COLLECTED MATERIAL
* * *
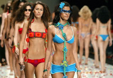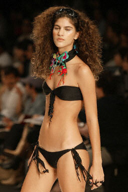 6月30日,里約熱內(nèi)盧時裝周上模特展示設計師Miquelina設計的比基尼。
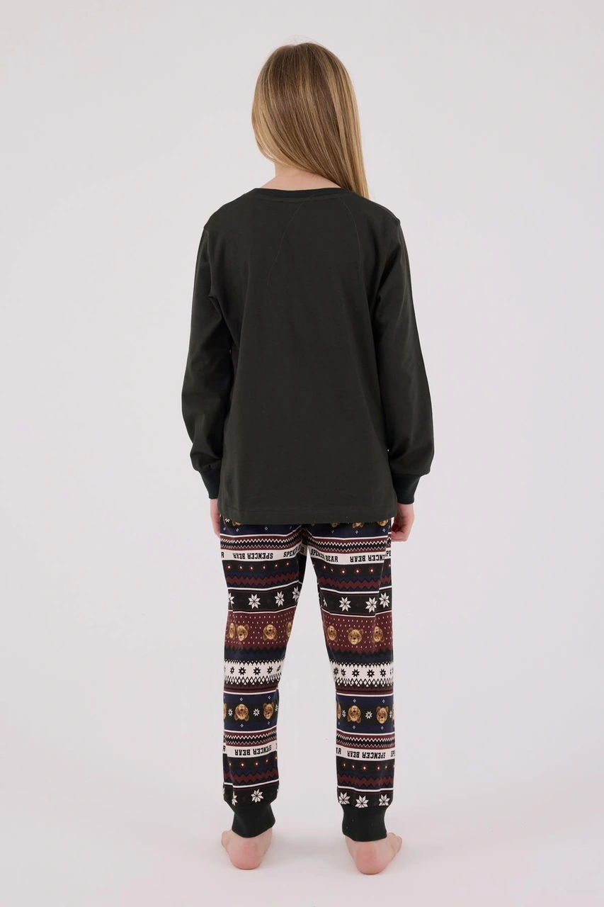 Arnetta Kız Çocuk Garson Aile Bear My Little Friend %100 Pamuklu 4 Mevsim Uzun Kollu Pijama Takım Füme
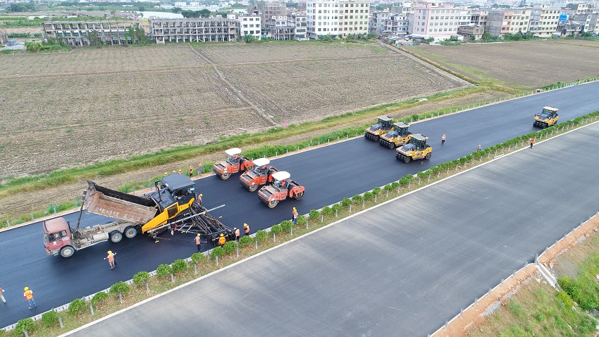7月8日,汕揭項(xiàng)目第二作業(yè)面K27+750-K28+050段瀝青路面上面層試驗(yàn)段鋪設(shè)順利完成。
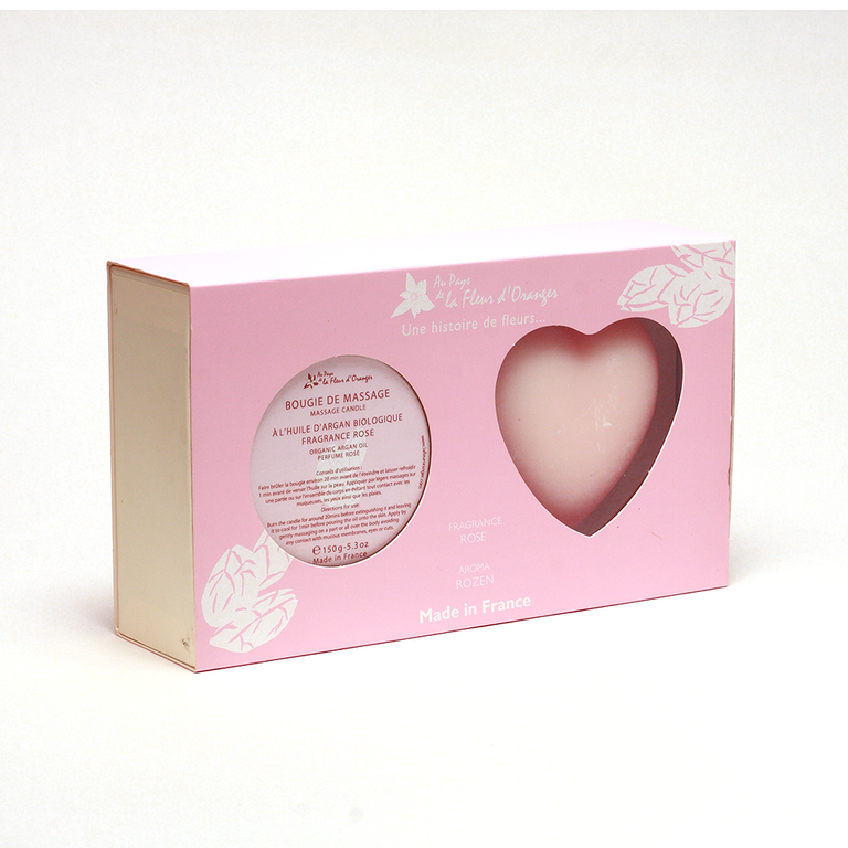 Dans un coffret cadeau : 1 bougie de massage à l’huile d’argan biologique parfumée à la rose 150 g et 1 savon en forme de coeur à l’huile d’argan biologique parfumé à la rose 200 g. Prix : 41,50 €.
* * *
WORK ORDER
Copy each line above exactly, with no images.

RESPONSE
 6月30日,里約熱內(nèi)盧時裝周上模特展示設計師Miquelina設計的比基尼。
 Arnetta Kız Çocuk Garson Aile Bear My Little Friend %100 Pamuklu 4 Mevsim Uzun Kollu Pijama Takım Füme
7月8日,汕揭項(xiàng)目第二作業(yè)面K27+750-K28+050段瀝青路面上面層試驗(yàn)段鋪設(shè)順利完成。
 Dans un coffret cadeau : 1 bougie de massage à l’huile d’argan biologique parfumée à la rose 150 g et 1 savon en forme de coeur à l’huile d’argan biologique parfumé à la rose 200 g. Prix : 41,50 €.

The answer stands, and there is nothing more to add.